── The records ──

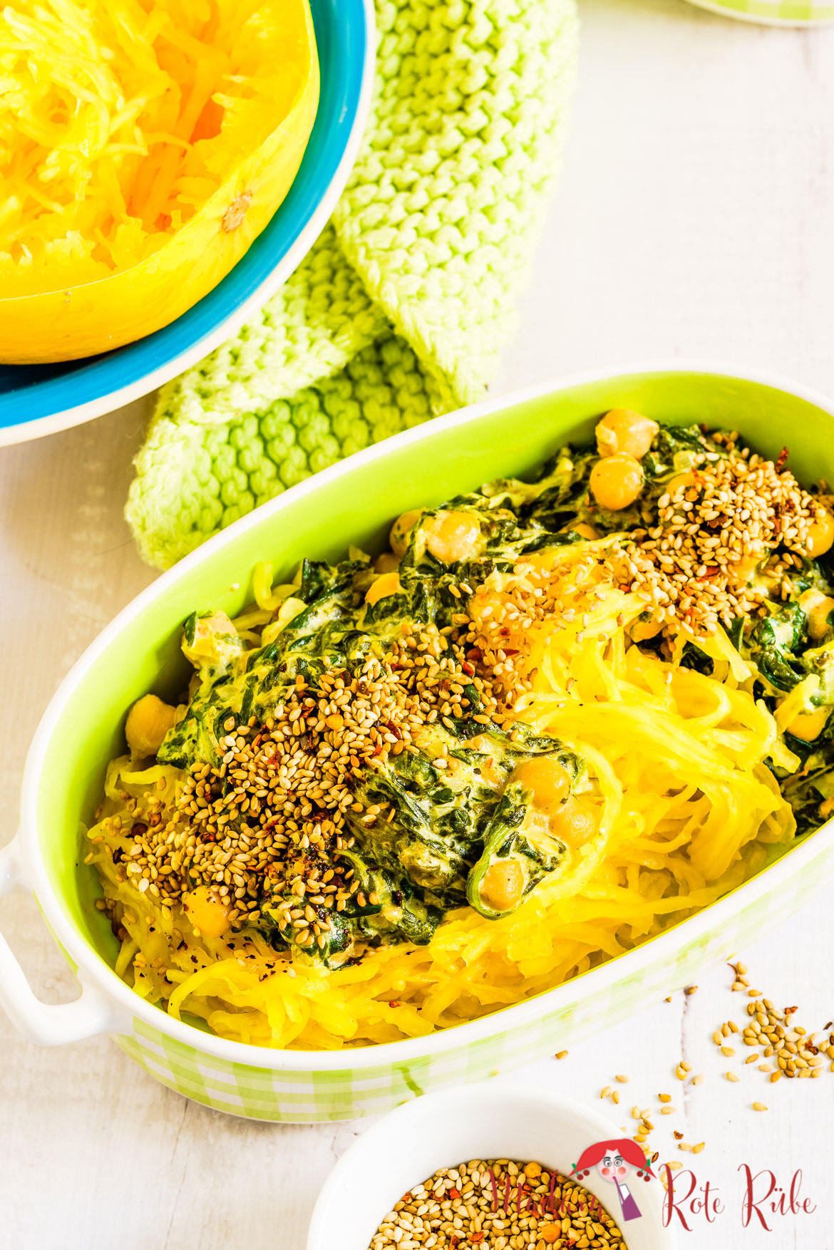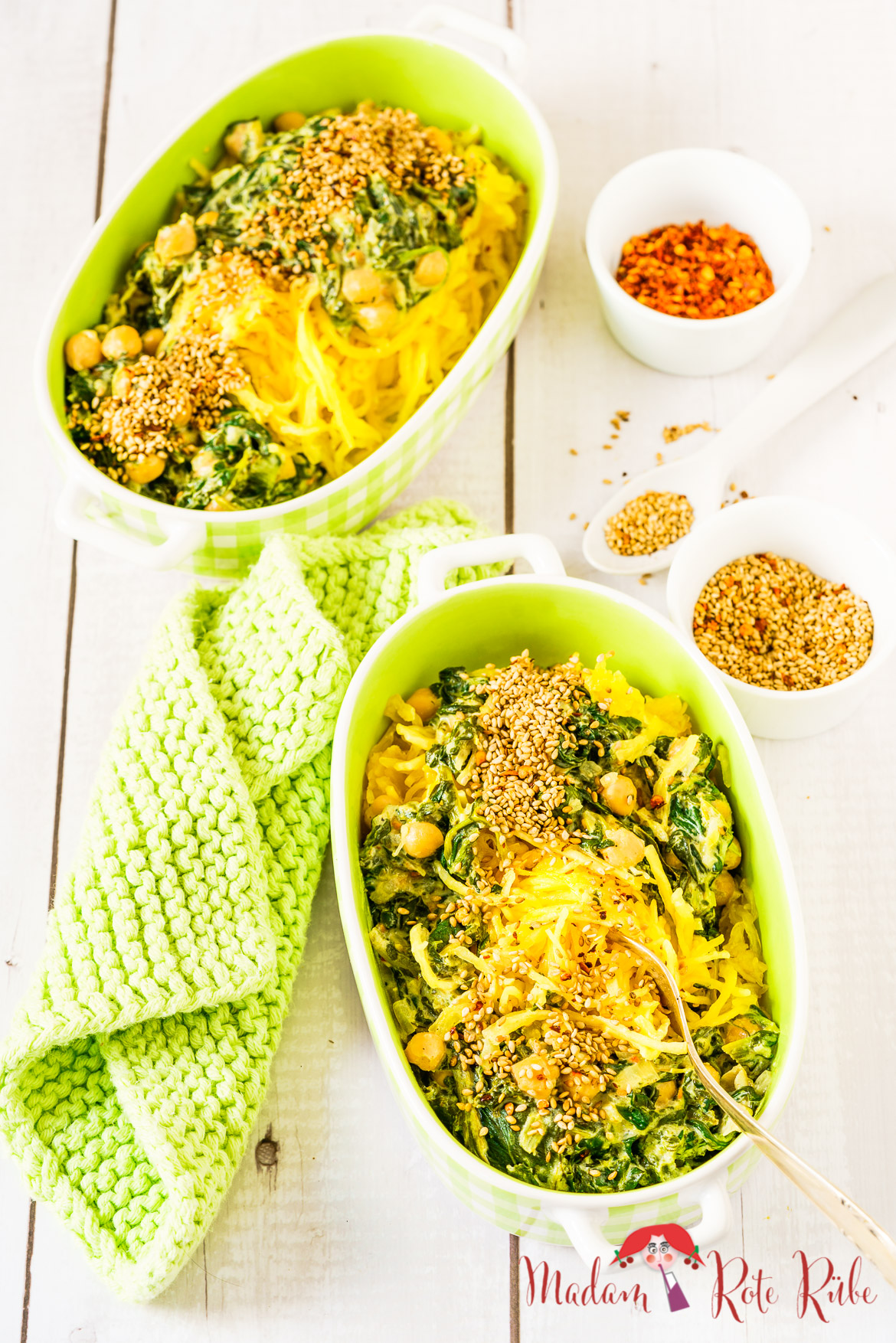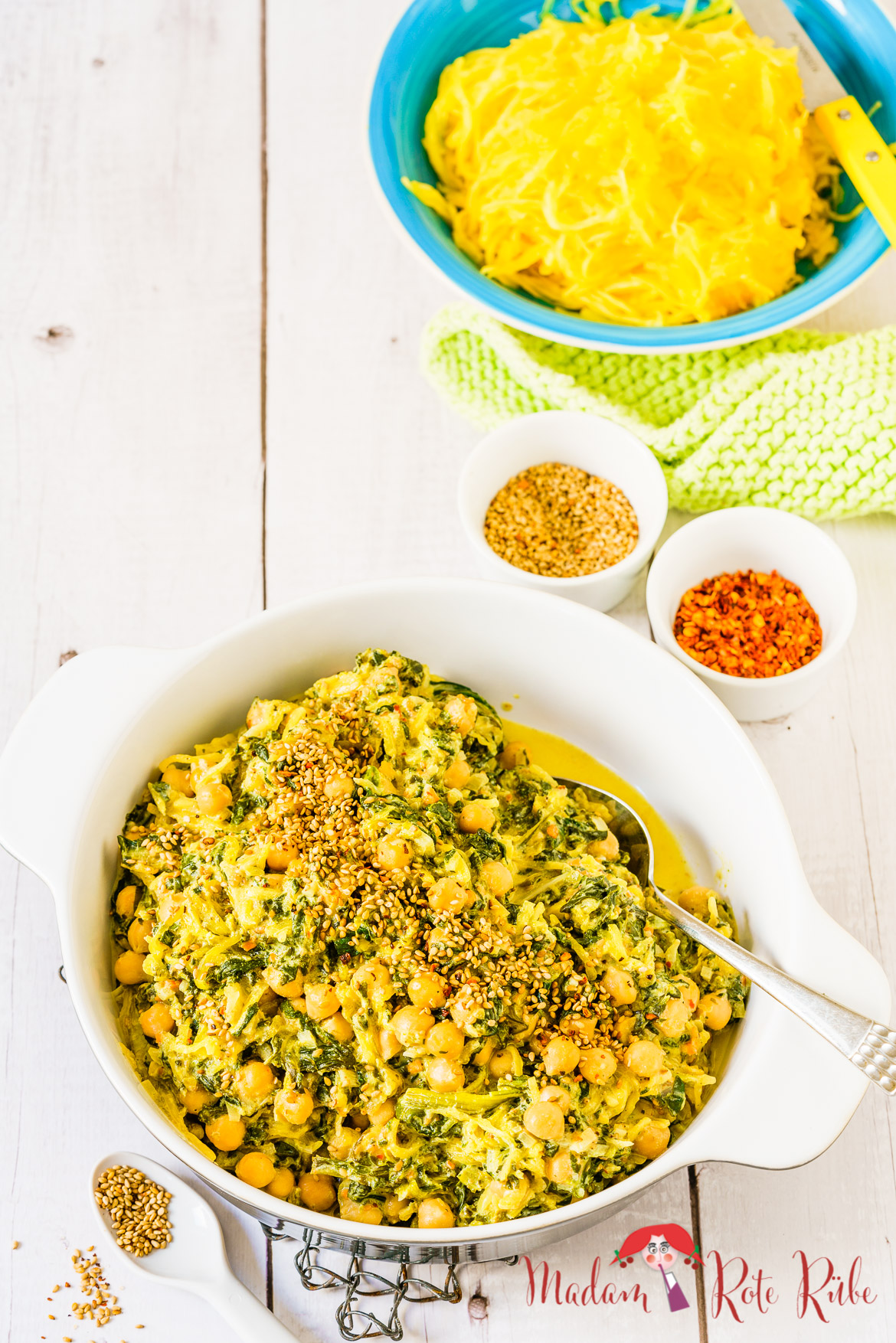 Madam Rote Rübe - Spaghettikürbis mit Spinat, Kichererbsen und Sesam
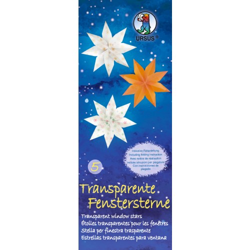 Átlátszó ablakcsillagok az URSUS®-tól 5 meleg színű, téli mintával.
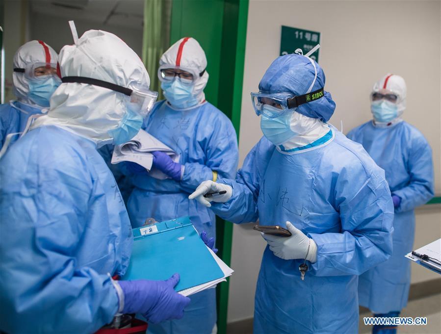 Head nurse Sun Chun (2nd R) arranges tasks to her colleague Li Min at the First Hospital of Wuhan City in Wuhan, central China's Hubei Province, Feb. 22, 2020. Sun Chun is among the first batch of medical workers dispatched from the First Hospital to the makeshift hospital of Leishenshan (Thunder God Mountain) in Wuhan, the epicenter of the novel coronavirus outbreak. After finishing the work at Leishenshan, she returned to the First Hospital and remained in the frontline of fighting against the virus. By now, she has taken care of some 167 COVID-19 patients with various degrees of symptoms. (Xinhua/Xiao Yijiu)
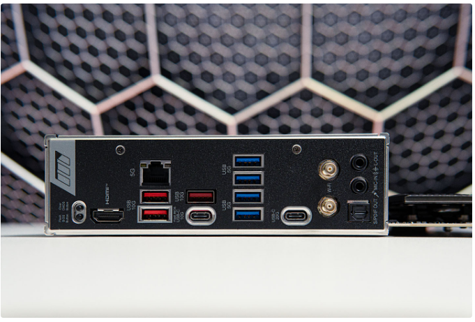 尾部接口按键包含ClearCMOS、HDMI、5G Lan、USB10Gbps Type-A*3、USB 5Gbps Type-A*4、USB 10Gbps Type-C、USB 20Gbps Type-C、WiFi天线接口、光纤音频口、3.5mm音频口*2,接口算是比较丰富。
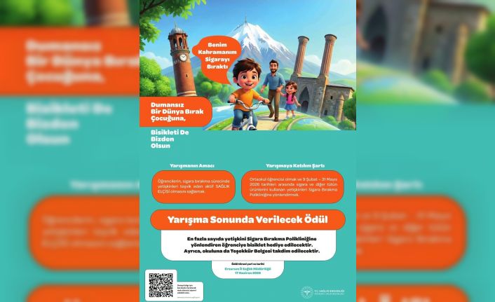 Erzurum İl Sağlık Müdürlüğü’nün hazırladığı, çocuk ve gençlerde sigara karşıtı farkındalık oluşturmak ve yetişkinleri sigarayı bırakmaya teşvik etmek amacıyla anlamlı bir yarışma hayata geçirildi. "Benim Kahramanım Sigarayı Bıraktı-Dumansız Bir Dünya Bırak, Bisikleti de Bizden Olsun" sloganıyla düzenlenen yarışma, ortaokul öğrencilerini kapsıyor.
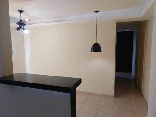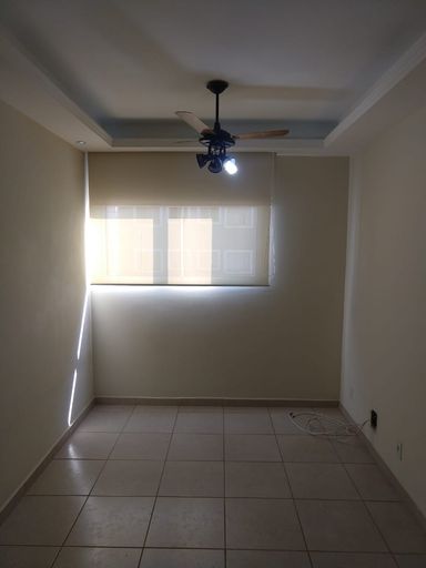 Sala dois ambientes com persianas e ventilador de teto;
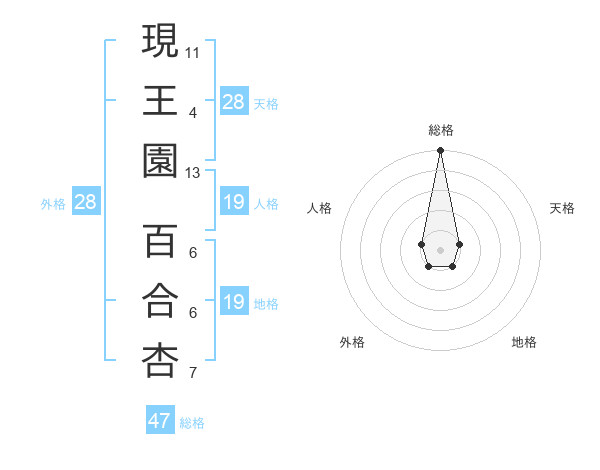 現王園 百合杏さんを姓名の画数から五運を鑑定
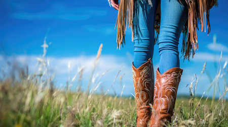 A close-up of a cowgirl's denim jeans, leather boots, and fringe jacket, standing in a field of tall grass under a bright blue sky.
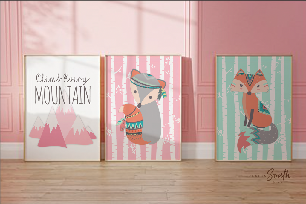 Thank you for choosing Design South. I take pride in creating custom designs for your home. These tribal fox wall prints are perfect for a girl nursery, playroom or bedroom.
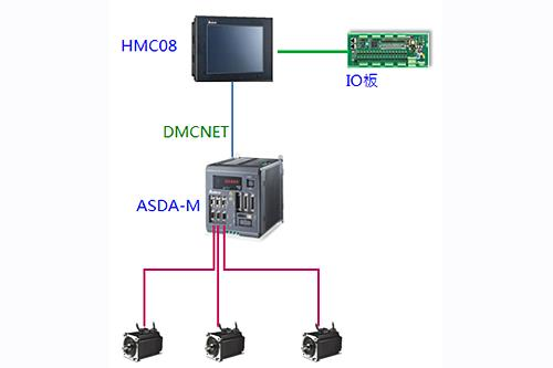 通過(guò)臺(tái)達(dá)人機(jī)控制器HMC系列為控制核心,可輕松在現(xiàn)場(chǎng)修改車床上下料程序,不需要更改底層程序代碼,從而使其臨場(chǎng)操作更加便捷靈活。此外,此類工件的加工對(duì)定位精度要求也很高,放置工件的允許精度最多不能超過(guò)10絲,如果誤差過(guò)大,會(huì)導(dǎo)致工件不能精確放到車床的卡盤(pán)里面。因此,臺(tái)達(dá)解決方案采用三機(jī)一體運(yùn)動(dòng)控制型交流伺服系統(tǒng)ASDA-M系列和高精度伺服馬達(dá),通過(guò)DMCNET高速運(yùn)動(dòng)總線組成網(wǎng)絡(luò),滿足客戶加工件的高精度加工需求。整體解決方案架構(gòu)如圖2。
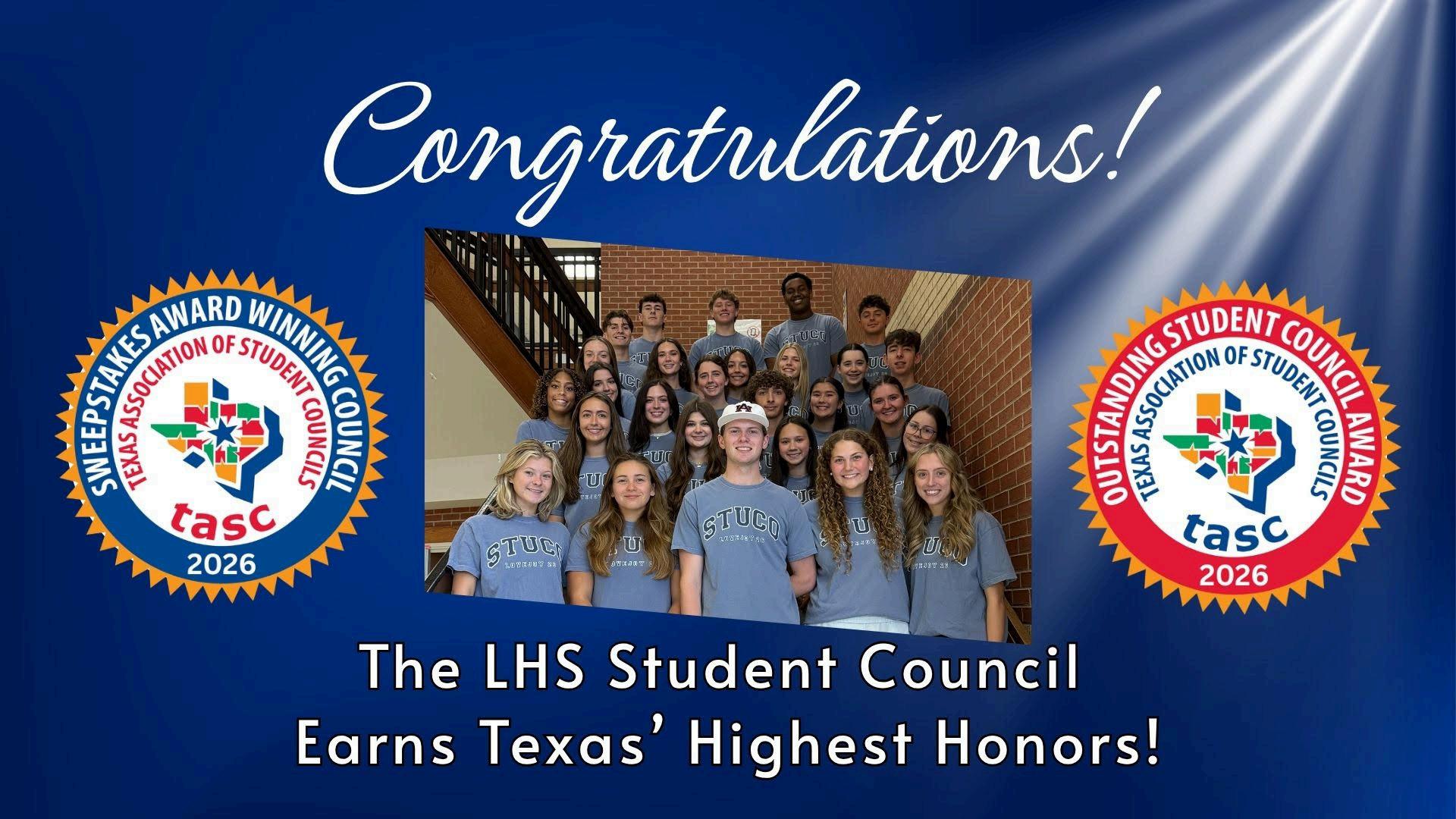 CongratulationstotheLovejoyHighSchoolStudentCouncilforbeingrecognizedbythe Texas Association of Student Councils (TASC) as an elite, comprehensive student leadership organization. This prestigious Sweepstakes Award is earned through extensive documentation of service, leadership, and dedication to both school and community. To achieve this distinction, councils must first be named an Outstanding StudentCouncilandearnsuperiorratingsacrossallprojectcategories:
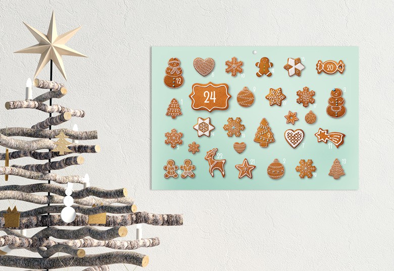 Voeg 24 foto’s toe; een voor achter elk luikje
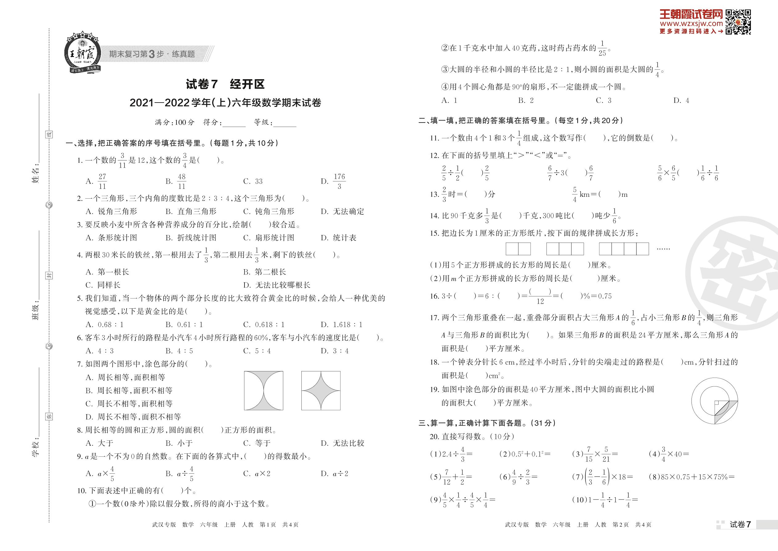 经开区2021-2022学年(上)六年级数学期末试卷(人教版)【7】
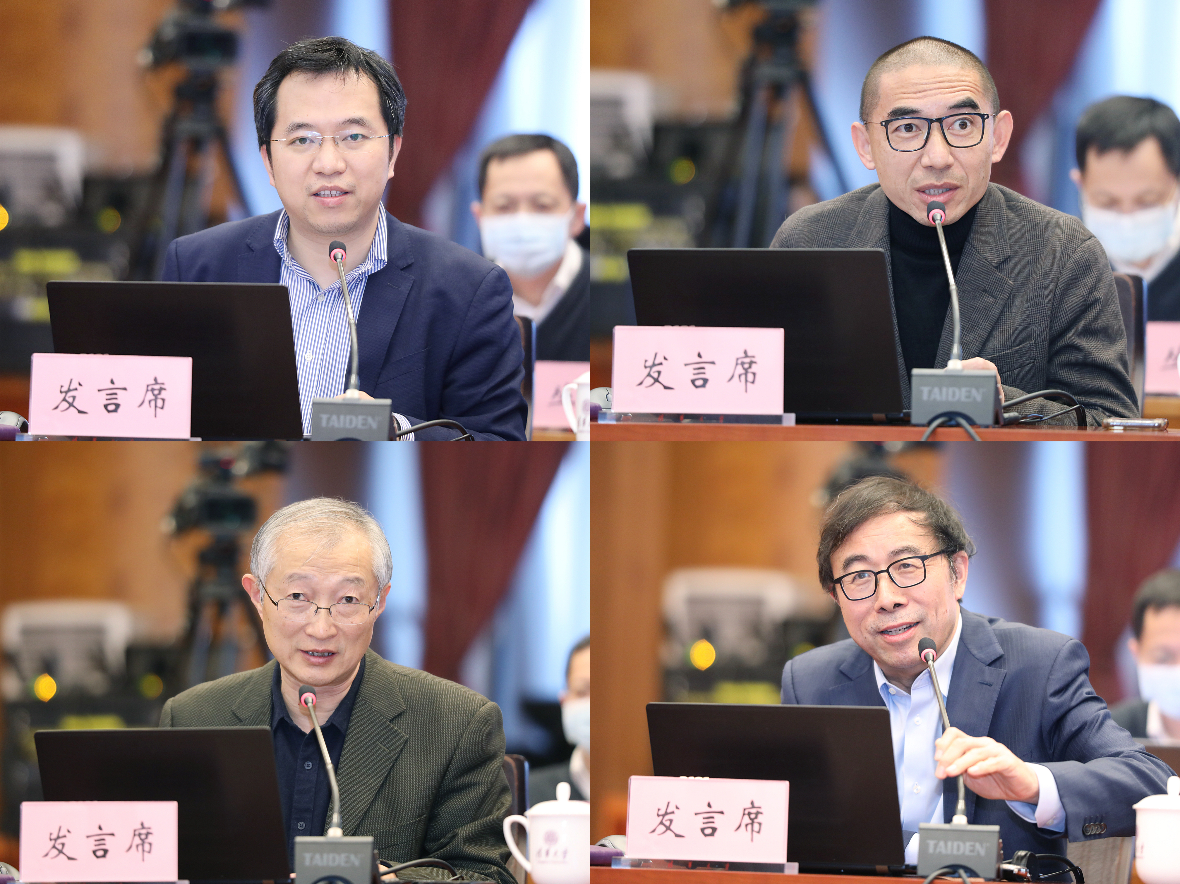 人才办副主任张强、建筑学院院长张利、土水学院院长方东平、社科学院院长彭凯平先后发言(从左至右、从上至下)

───

**Goal of the exercise**. Up to and including the line containing "Átlátszó ablakcsillagok az", quote each line of the entries above from the very first, please, exactly and without images.

**Answer space**.
 Madam Rote Rübe - Spaghettikürbis mit Spinat, Kichererbsen und Sesam
 Átlátszó ablakcsillagok az URSUS®-tól 5 meleg színű, téli mintával.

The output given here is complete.